There are also new risks. There may be conflicts of interest between those who prepare the information, guarantee the information and use the information. This is why insurance is defined by reference to a tripartite relationship. If the people who produce the information also insure the information, then the people who use the information will not be confident enough. This is also the case if the people producing the information employ an agent to provide the information for them. An agent acts for its principal, not for the users. Assurance is a process of making potentially useful information actually useful.

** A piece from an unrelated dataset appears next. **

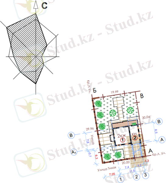 1. 1. 3 Подсче т пока за те ле й генпланаГенплан котте джа выполняе тся на выде ле нном зе ме льном уча стке с соблюде ние м все х строите льных норм проектирова ния. Невозможно ра зра бота ть ге нпла н бе з на личия спе циа льных зна ний и обра зова ния, а также не обходимых согла сова ний прое кта в уста новле нном за конода те льством порядке . Поэтому не обходимо обра титься в прое ктную орга низа цию, котора я сможе т все это выполнить. И только на основа нии официа льного и согла сова нного во все х инстанциях прое кта можно приступа ть к строите льству дома и бла гоустройству приуса де бного уча стка . Иначе постройка буде т не за конной и може т прине сти свое му вла де льцу множе ство пробле м и не приятносте й [2] . Ге нпла н котте джа рисунок - 1. 1 и 1. 2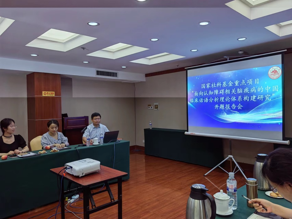 2023年8月19日,由威廉希尔中文官方网站马文教授主持的国家社科基金重点项目“面向认知障碍相关脑疾病的中国临床话语分析理论体系构建研究”开题报告会在济南珍珠泉宾馆举行。浙江大学威廉希尔中文官方网站马博森教授、威廉希尔中文官方网站齐鲁医院儿科副主任曹爱华教授、威廉希尔中文官方网站第二医院神经内科主任医师王萍主任、威廉希尔中文官方网站时秀娟教授、董记华教授、卢敏教授、张昊副研究员和王亚琪博士等10余位专家学者参会。开题报告会由威廉希尔中文官方网站副院长、威廉希尔中文官方网站临床神经语言学研究中心主任马文教授主持。

Insurance or appraisal: not the same, but related
Insurance is a special type of assessment. In an assessment, the assessor may work on a scope that has been determined by a variety of people, and the report may be prepared for the benefit of a wide variety of people, and the extent to which the assessor can render the public conclusions will also vary. The approaches used by an evaluator will depend on the discussions between the evaluator and the scoper. Competency requirements for the appraiser will also be set by whoever is paying and although there are professional standards and qualifications, possessing them is not a legal requirement for those involved in an appraisal.
I don’t understand why anyone interested in social impact would object to ensuring social impact reporting
In insurance, there is a predefined perimeter, fixed by reference to the interests of a group which has not prepared the information, and generally not paid for it and which follows international standards of preparation and publication. The work to be performed meets international insurance standards. The organizations providing the insurance must be approved and the staff must meet standards of competence; there will be an external review to ensure compliance with all of these requirements.
Given that social impact is primarily felt by those with less influence, who generally cannot hold organizations to account, I don’t understand why anyone with an interest in social impact would oppose assurance of social impact reporting – assurance that the information is useful and that the organization is using it effectively.
Coming soon: why insurance is important in our current economic system and in financial auditing.